* TASK REQUIREMENTS
Reproduce the listing below word for word and exclude any picture.

* DATASET CONTENT
● ● ● ●

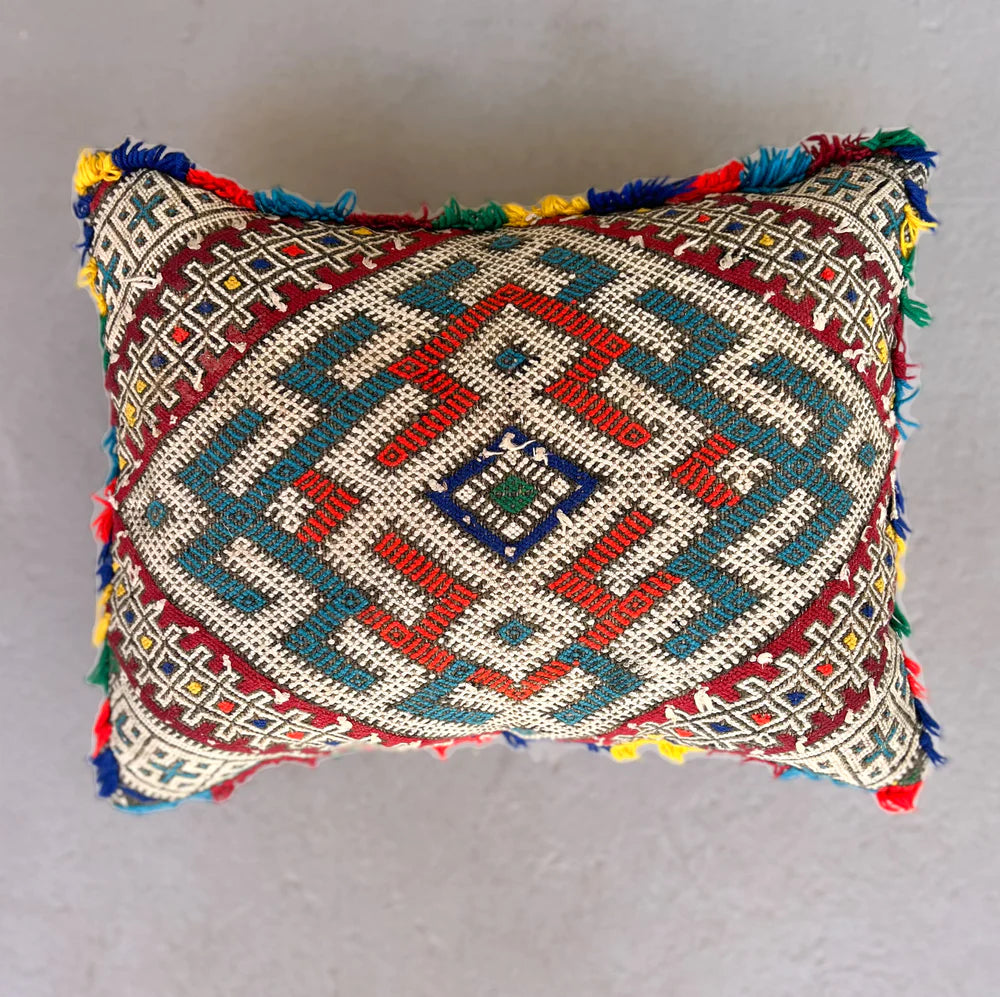 Cooperative Tisseuses has existed since 1977 and was one the first weaving Cooperatives officially recognized in Morocco. As of today, the Cooperative is comprised of 24 full-time members. Ain Leuh is located in the Middle Atlas Mountains and is known for intricate Zemmour Hanbels and colorful Boucherouites.
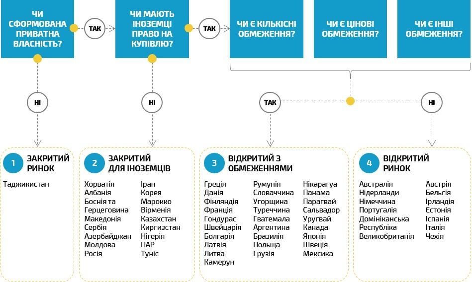 В большинстве стран мира рынок земли работает с ограничениями на покупку земель иностранцами и смену целевого назначения участков. Порядок функционирования рынка в разных государствах описывается в заключении (.doc) Главного научно-экспертного управления Верховной Рады к правительственному законопроекту о рынке земли (этот документ так и не был принят).
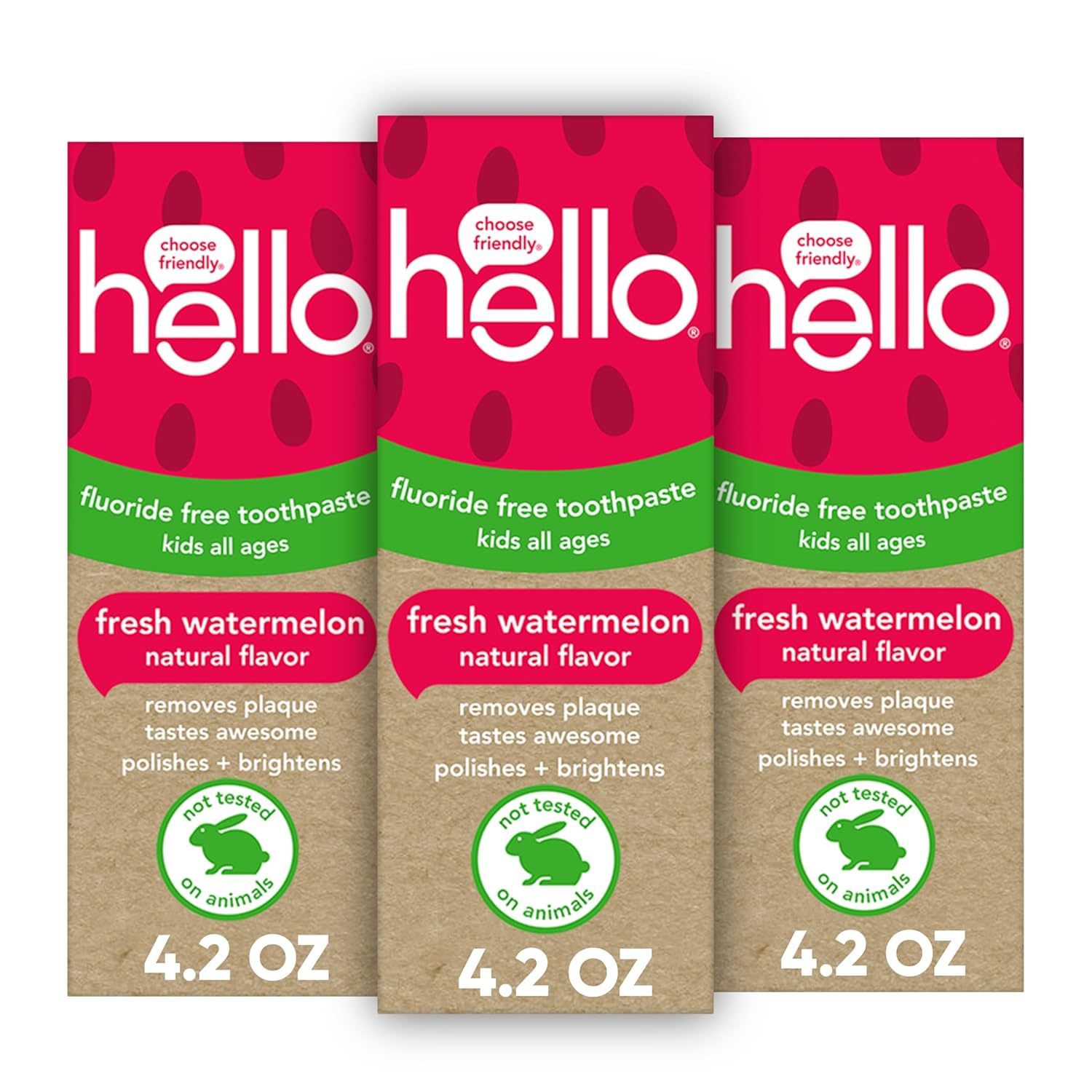 - WHAT I’M GETTING: Includes three (3) 4.2 oz tubes of hello Fresh Watermelon Fluoride Free Kids Toothpaste

● ● ● ●

* YOUR RESPONSE
 Cooperative Tisseuses has existed since 1977 and was one the first weaving Cooperatives officially recognized in Morocco. As of today, the Cooperative is comprised of 24 full-time members. Ain Leuh is located in the Middle Atlas Mountains and is known for intricate Zemmour Hanbels and colorful Boucherouites.
 В большинстве стран мира рынок земли работает с ограничениями на покупку земель иностранцами и смену целевого назначения участков. Порядок функционирования рынка в разных государствах описывается в заключении (.doc) Главного научно-экспертного управления Верховной Рады к правительственному законопроекту о рынке земли (этот документ так и не был принят).
 - WHAT I’M GETTING: Includes three (3) 4.2 oz tubes of hello Fresh Watermelon Fluoride Free Kids Toothpaste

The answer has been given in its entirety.